The future of clean energy will not be built only by generating more renewable electricity. It will also depend on how intelligently we store that energy, how responsibly we use natural resources, and how effectively we turn today's industrial by-products into tomorrow's high-value materials.
At NexIB Technologies, we believe that sustainability starts at the material level.
One of the biggest challenges in the battery industry is the supply chain behind battery materials. Many existing battery technologies depend on critical raw materials, complex global supply routes, and energy-intensive processing methods. As global demand for energy storage grows, the question is no longer only: "Can we make better batteries?"
Can we make better batteries from smarter, more sustainable materials?
This is where chemical thermodynamics becomes powerful.
Chemical thermodynamics helps us understand how materials behave under different temperatures, pressures, and reaction conditions. It allows us to predict whether a transformation is possible, how much energy it requires, and how the structure of a material can be controlled during processing.
In simple terms, thermodynamics gives us a scientific roadmap for turning carbon-rich waste or underutilised feedstocks into advanced battery materials.
For next-generation sodium-ion batteries, hard carbon is one of the most important anode materials. Unlike lithium-ion batteries, sodium-ion batteries do not rely as heavily on scarce resources such as lithium, cobalt, or nickel. This makes them highly attractive for large-scale energy storage, grid applications, and more affordable battery systems.
However, the success of sodium-ion batteries depends heavily on the quality, consistency, and sustainability of hard carbon materials.
That is the opportunity NexIB is working on.

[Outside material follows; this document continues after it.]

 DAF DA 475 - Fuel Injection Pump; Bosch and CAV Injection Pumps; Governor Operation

We are exploring how asphaltene-derived carbon sources can be transformed into engineered hard carbon anode materials. Asphaltenes are carbon-rich components often treated as low-value or problematic by-products in hydrocarbon processing. But with the right scientific approach, they can become a valuable precursor for clean-energy materials.
From waste-like carbon streams to high-performance battery materials.

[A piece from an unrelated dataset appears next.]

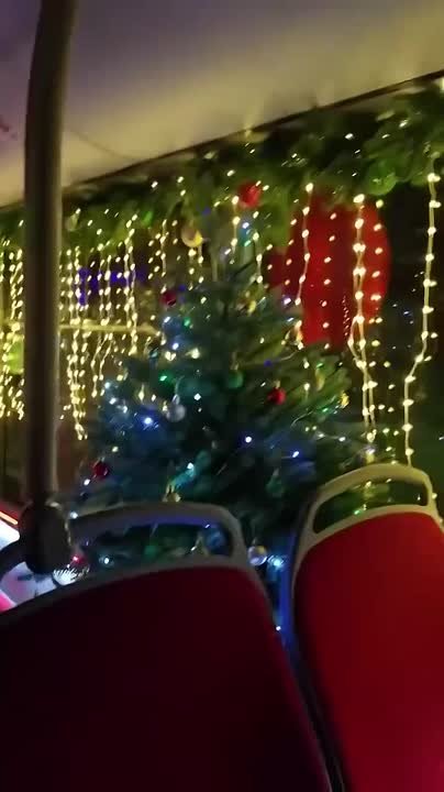 Вот такой нарядный Автобус желаний ездит по маршруту №105э — и будет радовать пассажиров до Старого Нового года.

Through controlled thermal treatment, carbonisation, and material engineering, chemical thermodynamics can help guide the conversion of complex carbon structures into stable, functional hard carbon. By understanding energy changes, phase behaviour, molecular stability, and reaction pathways, we can design better processing routes and reduce unnecessary trial-and-error in material development.
This matters because sustainable innovation is not only about the final product. It is also about the process.

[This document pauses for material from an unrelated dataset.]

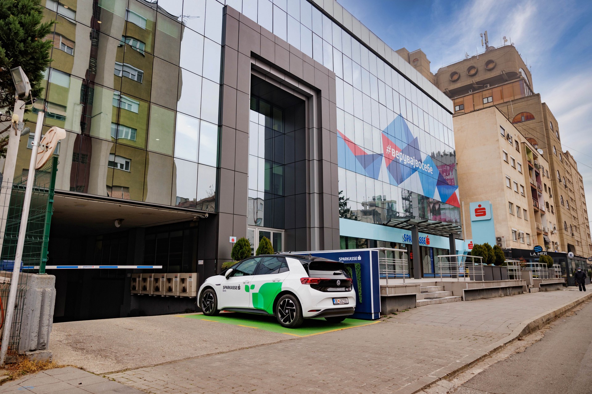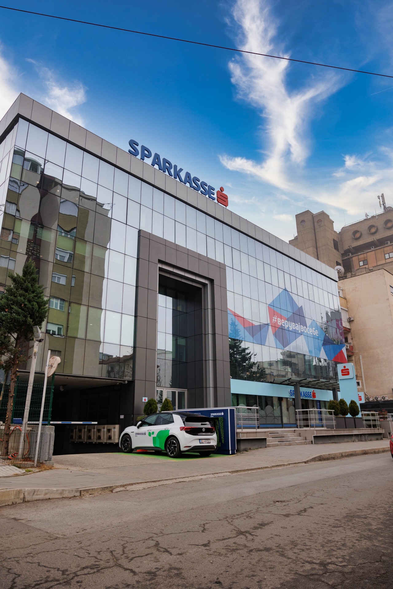 Како дел од зелената транзиција што е во тек, Шпаркасе Банка набави службено електрично возило за потребите на своите вработени и истовремено постави полнач за електрични автомобили со 100% зелена енергија.

A truly sustainable battery material should aim to:
- Reduce dependence on critical raw materials
- Use available or underutilised feedstocks
- Support lower-emission production routes
- Enable scalable manufacturing
- Deliver reliable electrochemical performance
- Strengthen local and regional supply chains
For the UK and Europe, this is especially important. The clean-energy transition requires not only renewable power, but also resilient battery supply chains. Developing local material innovation can reduce dependency on overseas supply routes and support a stronger domestic battery ecosystem.
Sodium-ion batteries are particularly promising in this context. Sodium is more abundant than lithium, and sodium-ion systems have strong potential for stationary storage, renewable energy balancing, industrial backup power, and cost-sensitive applications.
But the material challenge remains clear: we need better hard carbon.
At NexIB Technologies, our sustainability vision is built around the idea that advanced materials can be created from overlooked resources. By combining chemical thermodynamics, carbon materials science, and battery engineering, we aim to create a new pathway for sodium-ion battery materials.
This is not just a technical challenge. It is a sustainability challenge.
The next generation of batteries must be cleaner, safer, more affordable, and more scalable. To achieve that, we need to rethink the entire value chain, from raw material selection to processing, performance validation, and commercial scale-up.
The future of energy storage will belong to companies that can connect science with sustainability.
At NexIB Technologies, we are working toward that future by transforming carbon-rich feedstocks into advanced hard carbon materials for sodium-ion batteries.
Because clean energy should not only come from the power we generate. It should also come from the materials we choose.